Rudman, who also had been the campaign manager for senator and former presidential candidate John McCain (R-Ariz.), discussed the administration's domestic social policies, the environment, education and taxes.
"I don't know where Bush is going on his foreign policy," Rudman said. He said he thinks that internal fissures in the White House between Vice President Dick Cheney, Secretary of Defense Donald Rumsfeld and Secretary of State Colin Powell could develop, but he said it is too early to predict how things will shake out. But he said there is one certainty: "Powell is the only member of the cabinet who cannot be fired. Powell has become an icon with the American people, and he is so well-respected."
On Bush's faith-based social initiatives, Rudman said, "It is an ill-advised policy; there is a lot of danger inherent in it." He explained that federally funding church programs in the name of community improvement would come with a steep price tag -- the intertwining of church and state.
The Belnick lecture fund was created by Cornell alumnus Mark A. Belnick '68 to honor his parents, who also attended the lecture. It is planned that the new fund will enhance the teaching and undergraduate experience in government studies at Cornell by bringing political leaders and political scientists to campus to stimulate intellectually challenging dialogue beyond the classroom.
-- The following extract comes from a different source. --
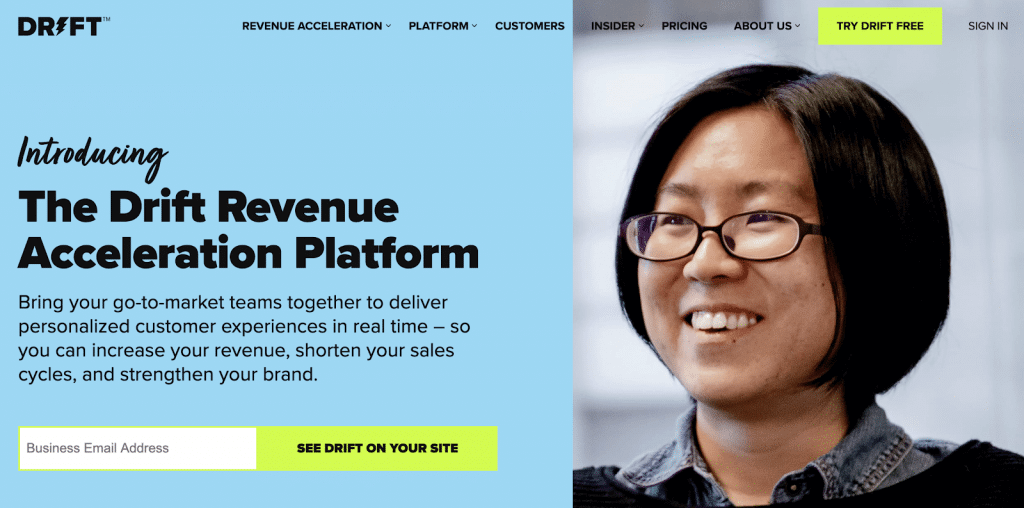 Drift only uses yellow in two places, and both are calls-to-action they want their visitors to take.
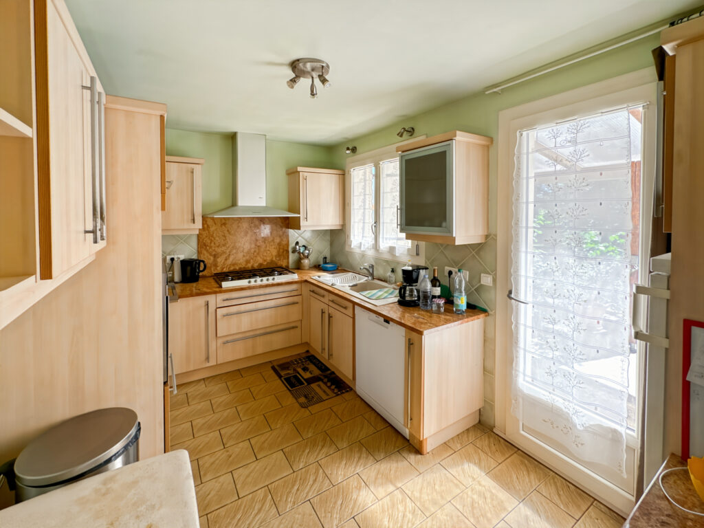 En rez-de-jardin : entrée, dégagement couloir, une cuisine aménagée et équipée, un séjour/salle-à-manger, une chambre, une salle d’eau et un cabinet d’aisance.

Rudman, who served two terms in the Senate, was an author of the landmark Gramm-Rudman-Hollings Act of 1985 that put federal budget deficit reduction into law. "People still think my first name is Gramm," he quipped. Additionally, he earned bipartisan recognition for his aggressive investigation of the Iran-Contra affair as vice chairman of the Senate Select Committee. In 1992 he became a founding member of the Concord Coalition, a nonprofit group dedicated to increasing public awareness of national fiscal affairs.
When asked if Americans should worry about having the Roe v. Wade decision overturned by virtue of new Bush-picked Supreme Court justices, Rudman said that Americans need not worry. The administration and the Senate will likely ensure that the next Supreme Court will not change Roe v. Wade, he said. "Besides, it's not the Supreme Court you should be worried about," he said. "It's the lower federal courts. Those judges are drawn from the ranks of young Republican lawyers, who are usually members of The Federalist Society."